ユウナギはいきなり暴力を振るう、見ず知らずの人間に礼を言うなんて、本気でこの意識不明の若者は川に飛び込もうとしていたのかと知るのだった。
そこで邑人がふたりに尋ねる。
「あんたら、見かけない顔だが……」
「俺たちは旅の者だ」
ナツヒが間髪を入れず答えた。ユウナギはたぶん彼が話した方がいいのだろうと自重した。
「俺たち、今夜泊まるところを探しているんだが」
「……とりあえずついてきなよ」
こういうわけで、邑人の話を聞きながら集落へと向かうことに。
邑人の言うには、彼はこのノビている男の隣人で、男は事故で妻子を亡くしたばかりなのだと。
そしてその事故を引き起こした人物の正体も分からず、自暴自棄になり、今死のうとしていたという話だ。
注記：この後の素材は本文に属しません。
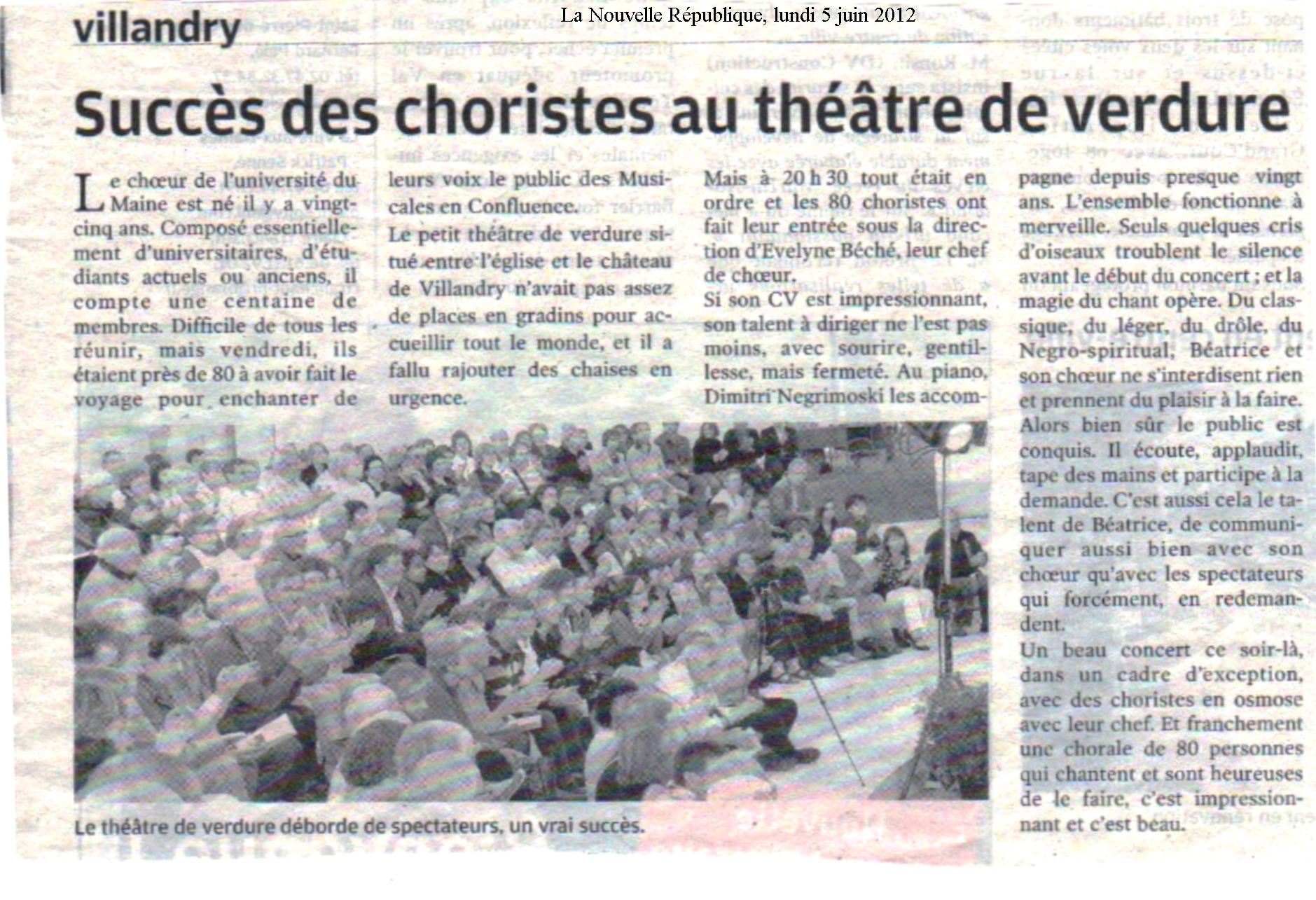 Succès des choristes au théâtre de verdure. Si son [celui d'E. Béché] CV est impressionnant, son talent à diriger ne l'est pas moins, avec sourire, gentillesse, mais fermeté. (...). Un beau concert ce soir-là, dans un cadre d'exception, avec des choristes en osmose avec leur chef. La Nouvelle République, 2012

そこで、まだ男はとても目を離せる状態ではないので、彼の、妻子と3人で暮らしていた家で共に雑魚寝をしないかとふたり誘われる。
ユウナギは、そうしよう! とナツヒに目で合図を送った。
ちょうど住居に到着したが、それは本当に小さな家屋だった。夫婦がふたり身を寄せ暮らし、そこに生まれたばかりの子どもが飛び入り参加したような空想を抱く空間であった。
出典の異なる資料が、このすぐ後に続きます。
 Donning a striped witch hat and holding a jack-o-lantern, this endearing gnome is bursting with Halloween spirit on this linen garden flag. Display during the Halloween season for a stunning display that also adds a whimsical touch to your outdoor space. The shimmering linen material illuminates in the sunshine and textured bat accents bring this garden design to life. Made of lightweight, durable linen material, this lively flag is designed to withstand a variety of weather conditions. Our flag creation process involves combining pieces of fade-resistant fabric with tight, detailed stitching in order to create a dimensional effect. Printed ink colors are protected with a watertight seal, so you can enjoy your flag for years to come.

すでに辺りは暗い。邑人は家に入ったらばさっと男を転がして、自分はイグサの織物をかぶりすぐに寝てしまった。
ふたりも背負っている台を置き、空いているところに腰を落ちつかせ休むことに。
「これからどうすればいいの……」
「とりあえずさ、住民の前では一時滞在の旅人を装うことにしよう」
それは嘘ではないのだし。
「彼らの暮らしに一時溶け込ませてもらうってこと?」
「ああ、そういう“てい”でこの状況を調べるしか、今は方法がない」
「中央に無事帰れるかしら……」
「考えて不安になったところで仕方ないだろ。さ、寝よう」
ユウナギがうなずいた時には、ナツヒはもう横になっていた。